Pengantar Redaksi Volume 78
Pengalaman bahwa betapa mudahnya kita kehilangan kemampuan untuk hidup dalam kebersamaan, sebagai keniscayaan kehidupan kebersamaan yang berat dan sulit diwujudkan. Hilangnya kebersamaan menjadi sumber penyebab timbulnya masalah yang esensial dalam perilaku kehidupan, yang bersumber dari manusia, sebagai makhluk hidup yang mempunyai kelebihan dibanding dengan makhluk hidup lainnya di muka bumi ini.
Kehilangan kebersamaan sebagai sumber perubahan perilaku yang esensial, dalam periode panjang berdampak negatif terhadap perubahan populasi makhluk lainnya, termasuk perubahan lingkungan, hutan dan kehutanan di dunia pada umumnya, termasuk di Indonesia, dalam 25 tahun, 50 tahun, 100 tahun yang lalu kondisinya tidaklah sama dengan kondisi hari ini.
Hal ini berkaitan dengan aspek manusia yang berdampak terhadap perilaku individu, dalam pengertian pengaturan dan pengelolaan hutan. Kondisi hutan dan kehutanan Indonesia hari ini berbeda dengan kondisi beberapa dekade yang lalu, ini menunjukan pengaruh faktor manusia yang signifikan sebagai aspek peradaban secara luas.

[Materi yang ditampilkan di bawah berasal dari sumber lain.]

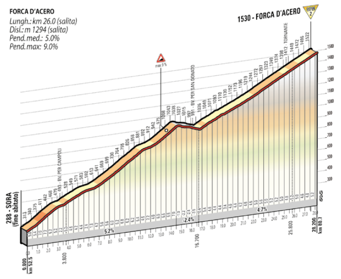 • Forca d´Acero, 2ª (km 80,7):  1.530 m – 28,2 km – 4,4 %

Berbagai perubahan yang terjadi seperti : pertambahan populasi yang pesat, kemajuan IPTEK, berkembangnya model pembangunan untuk meraih kesejahteraan dan mengejar ketinggalan dari negara maju, terjadi dari waktu ke waktu mencakup perubahan IPOLEKSOSBUDHANKAM. Dampaknya dapat dirasakan oleh semua umat manusia, seperti: perubahan iklim, akibat berkurangnya tutupan vegetasi (termasuk hutan) untuk peruntukan berbagai kepentingan, antara lain: pemukiman, infrastruktur fisik, pertanian pangan, hortikultura, perkebunan, dll.
Belum lagi kelangkaan dan kecukupan air bersih, kecukupan energi dengan penggunaan energi fosil dan penambangan berbagai mineral berharga, yang ke semuanya itu berada di bawah lahan hutan. Banyak pihak berpaling kepada hutan dan kehutanan, yang dialamatkan kepada rimbawan dan institusinya, sebagai pihak yang paling bersalah. Namun bila dicerna dengan nalar bersih, Rimbawan dan institusi yang berkaitan dengan hutan dan kehutanan, adalah pihak korban penerima akibat yang tidak mampu dielakkan. Sedang pemegang otoritas kebijakan hutan dan kehutanan, dalam hal ini Pemerintah, seakan mampu mengatasi berbagai persoalan dengan menerbitkan banyak peraturan, Undang-undang dan peraturan perundang-undangan, namun pada kenyataannya masalah beranak pinak menjadi masalah yang semakin rumit.
Hari ini ada karena ada masa lalu; masa depan ada karena ada hari ini. Cara pandang dan cara pikir inilah yang harus menjadi perhatian untuk mengerem kekacauan atau kerusakan (enthrophy) yang terus meningkat di bumi Indonesia. Memang kita tidak harus mengedepankan anthrophosentrisme karena manusia harus menyeimbangkan dengan ecosentrisme, namun di lain sisi kita harus menyeimbangkan dimensi IPTEK, atau science dan teknologi, yang bersifat inter-objektif dengan dimensi hubungan antar manusia (societal conscience) yang bersifat inter-subjektif. Ini semua adalah Humanism yang dalam pengertian paham filsafat, menjunjung tinggi nilai dan kedudukan manusia serta menjadikannya sebagai kriteria segala sesuatu yang berkaitan dengan manusia atau dengan kata lain Memanusiakan Manusia. Pada sisi lain perlu jawaban mengenai seberapa jauh humanisme tersebut di atas bisa sebagai mindset untuk penanganan pembangunan (pengaturan dan pengelolaan) hutan (dan kehutanan) di Indonesia.
Melalui majalah Rimba Indonesia Volume 78 ini hasil pengamatan, pengalaman dan telaahan berbagai pihak, didokumentasikan sebagai masukan untuk mengembangkan kerangka berfikir dalam penanganan masalah pembangunan hutan dan kehutanan di Indonesia.
Selamat membaca. Selamat merayakan Proklamasi Kemerdekaan ke-79 Republik Indonesia. DIRGAHAYU RI.